Closed cdondrup closed 9 years ago
Good Job! I've always wondered why this is not a thing.
Oh, I thought it was a PR. I should not write on github after all-nighters =)
Also, this is a standard package of which I just didn't know what it does and that it exists until @marinaKollmitz from the lamor school told me. But thank you for the praise ;)
Now this is funny! Without being aware of your commits, I implemented almost exactly the same mechanism in SPENCER 9 days ago. So you beat us by one day ;)... we are filtering on the detection level, though, as opposed to the measurement level... which allows us, in theory, to e.g. also filter detections from the HOG detector against the static map. But your solution is computationally more efficient. I also didn't know about the existence of the laser_filters package.
In a narrow indoor lab environment with tables, chairs etc. causing a lot of false positives, the filtering step increased our MOTA from -1.25 to +0.6. My impression is that none of the 2D laser detectors generalize well. And if you re-train them on your environment, you essentially perform a background subtraction... for which you could also use your existing static map in the first place.
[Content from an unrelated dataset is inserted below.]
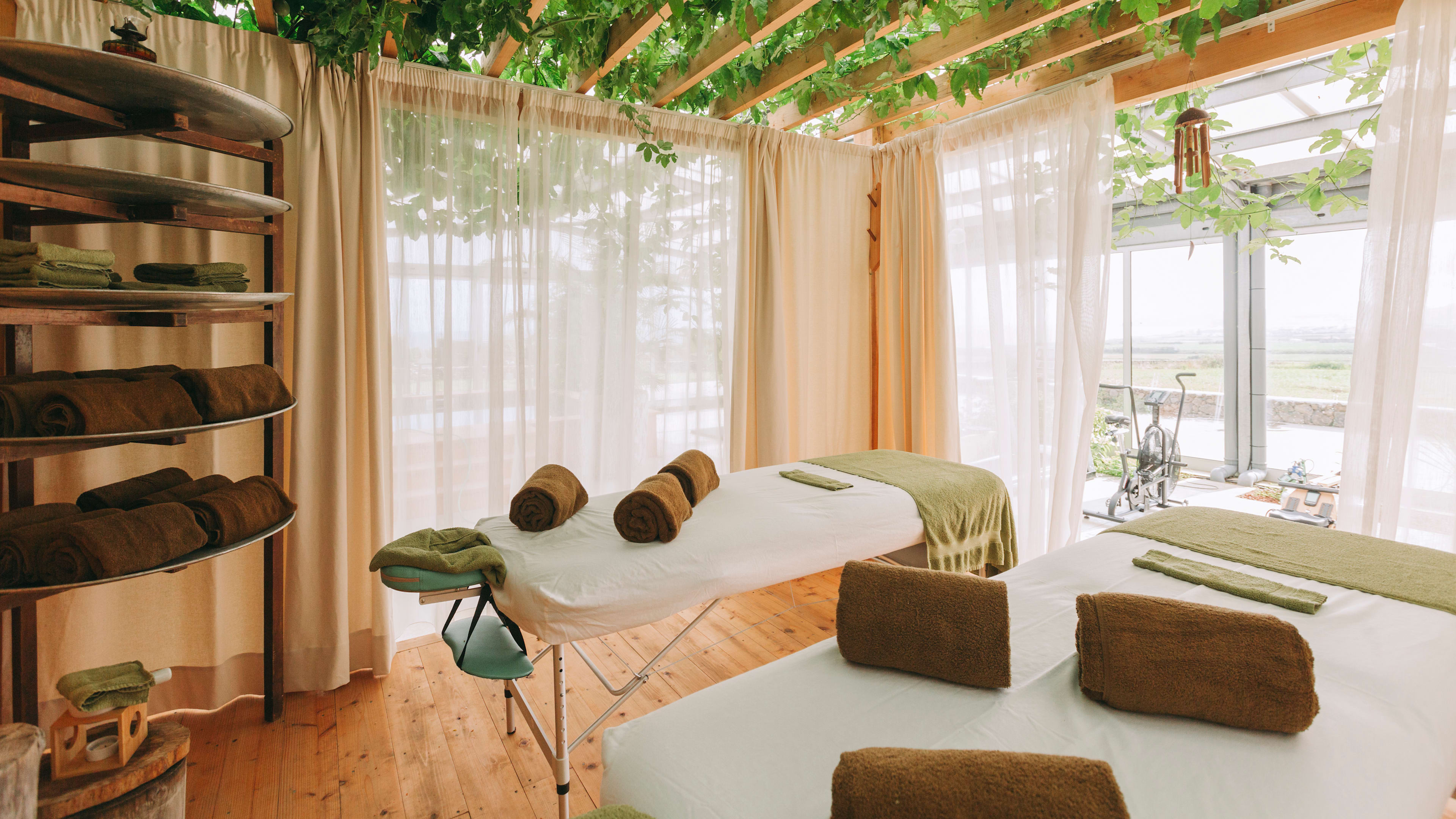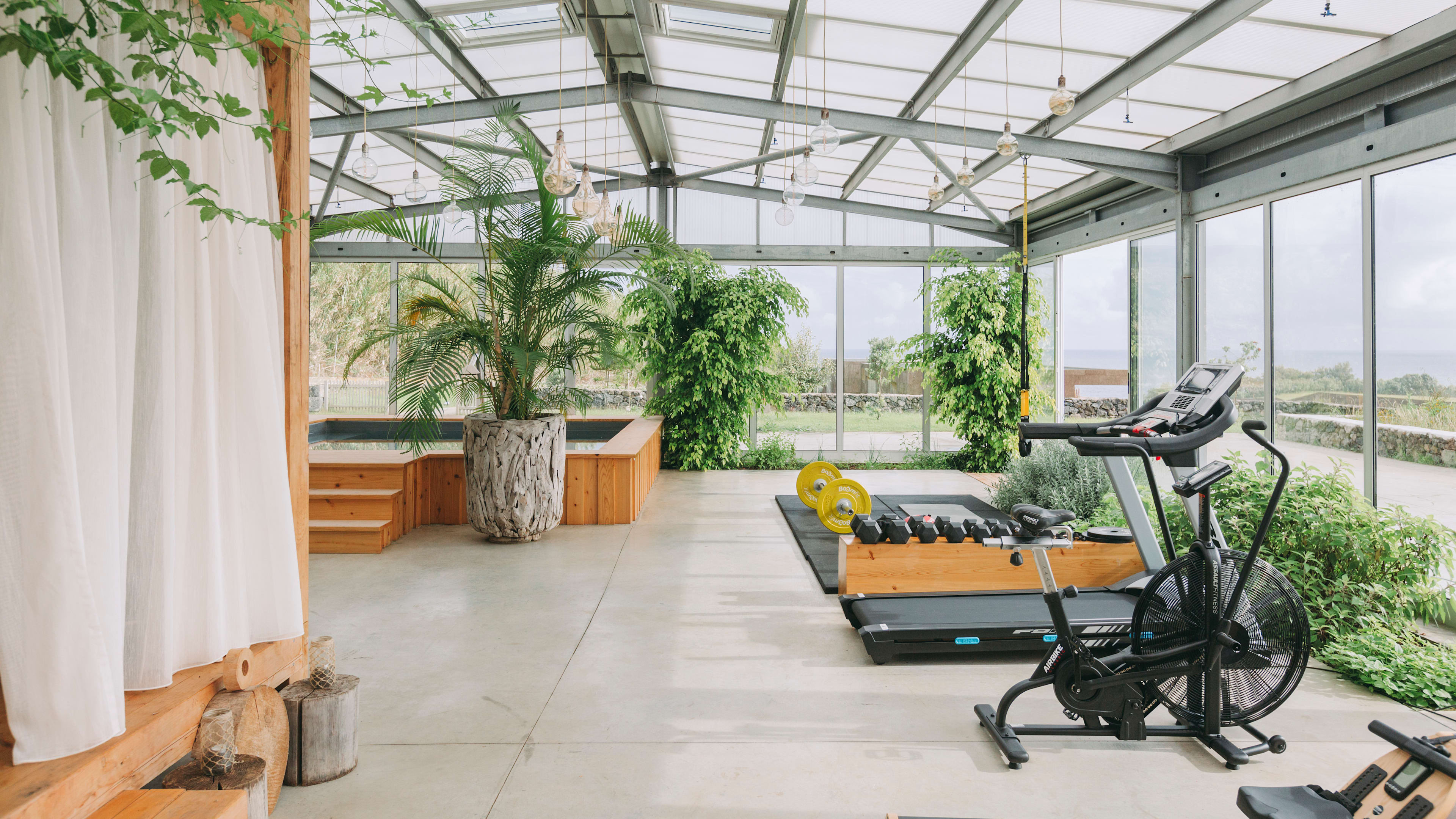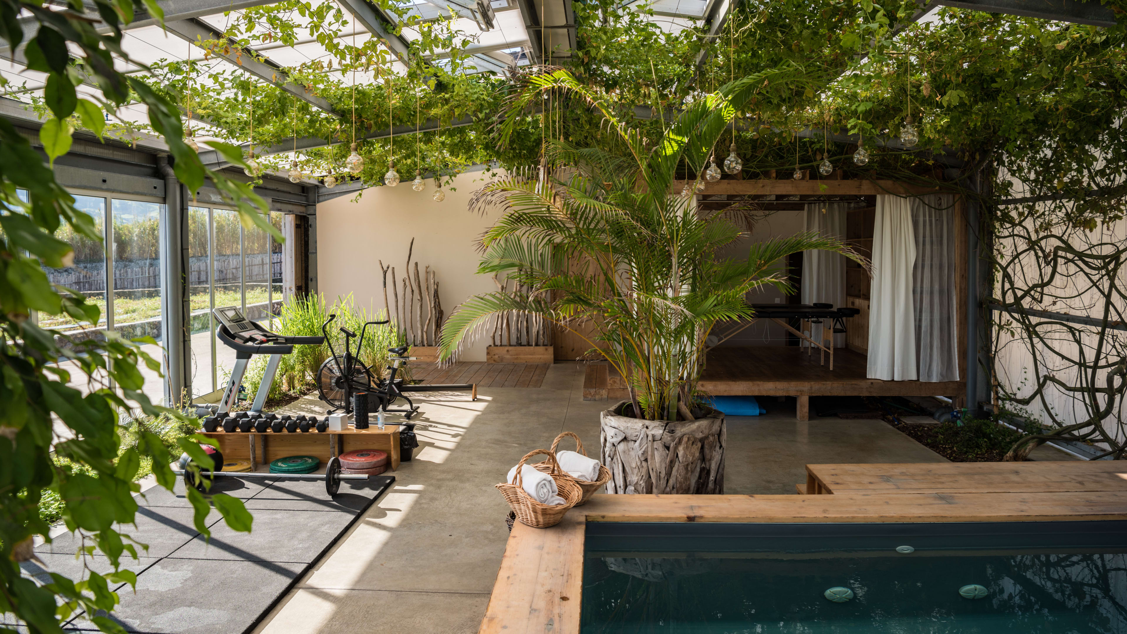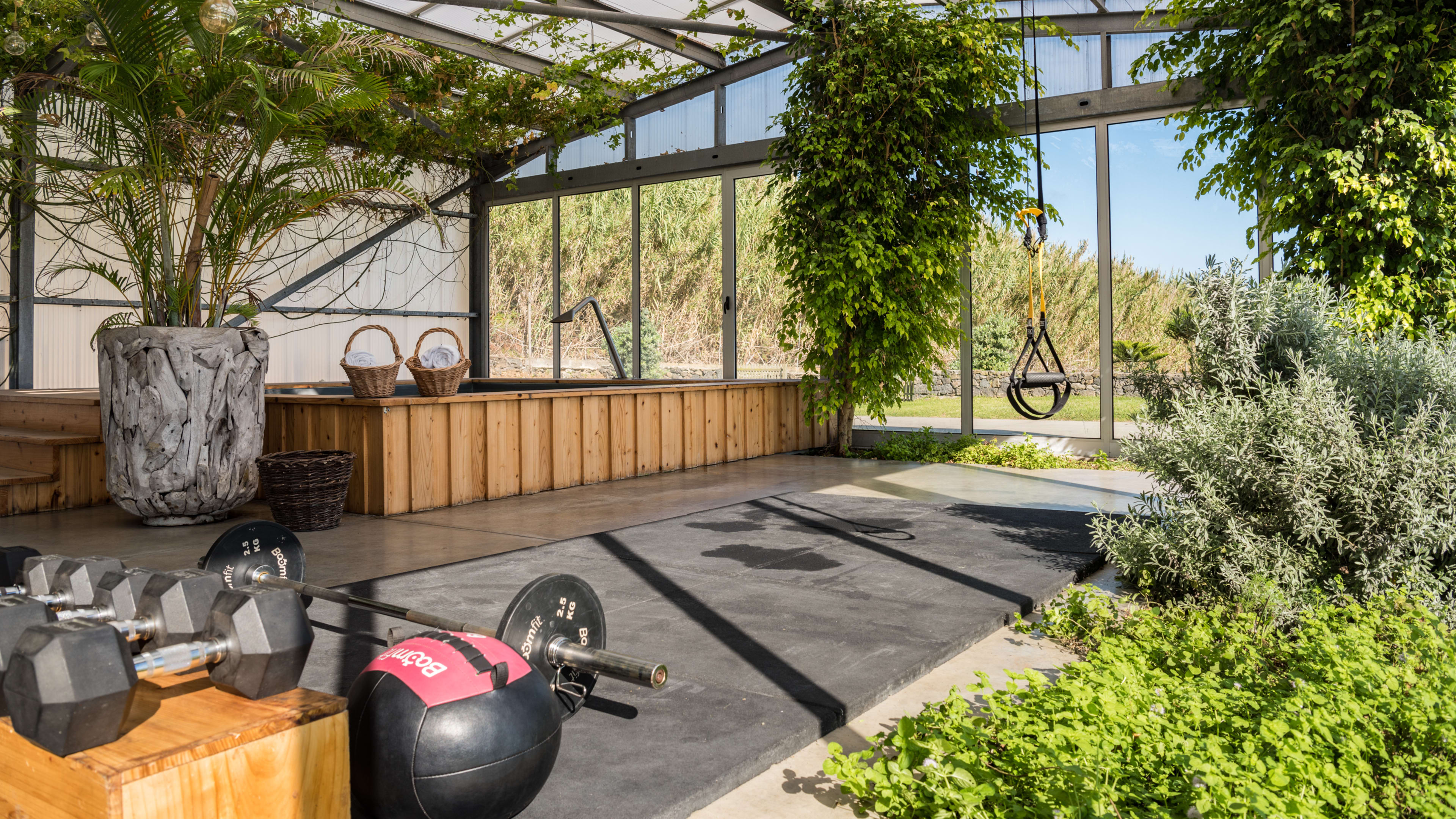 What resembles a plant-strewn greenhouse is in fact the hotel’s wellness retreat, comprising a gym, curtained treatment sala and raised plunge pool. The gym comes with free weights, a rowing machine, exercise bike and treadmill and personal training is available. Between the main pool and the beach, an additional massage hut sits on the cliff.

@tlind we should talk more ;-)
I think one should do this on one's training data before using it for training. Do you know if the standard leg detectors did that?
Otherwise, I agree with your last point, but didn't manage to fully convince @Pandoro :-)
@marc-hanheide @cdondrup Yes indeed! Sadly I didn't make it to the summer school in Lincoln due to scheduling constraints, but maybe we'll see each other at IROS?
@lucasb-eyer The laser detectors are usually trained on manually annotated groundtruth data, where the annotation labels are "foreground" (person) and "background". So there is no need to have an occupancy grid map for training if the annotations are of good quality, as both essentially serve the same purpose.
One problem with a laser at waist height such as in SPENCER, where you often do not perceive two individual leg segments, is that it can be really hard to discriminate between classes if the environment is diverse enough. Even as a human, I recently thought e.g. a trash bin was a person in 2D laser data until it entered the camera's FOV. Due to the sparsity of the data + large pose variation + people walking with luggage etc., the classes are just not fully separable. Especially if you take partial occlusions into account, and you only see half of the person's (or trash bin's) laser echoes.
I see, and the detector-internal "tracking" part helps work around this a bit, but for standing people I guess it'll be a hard problem. Anyways, thanks for the details!
This filters out the laser measurements that correspond to obstacles in the static map and then passes only the remainder to the leg_detector, removing a lot of the static false positives like tables.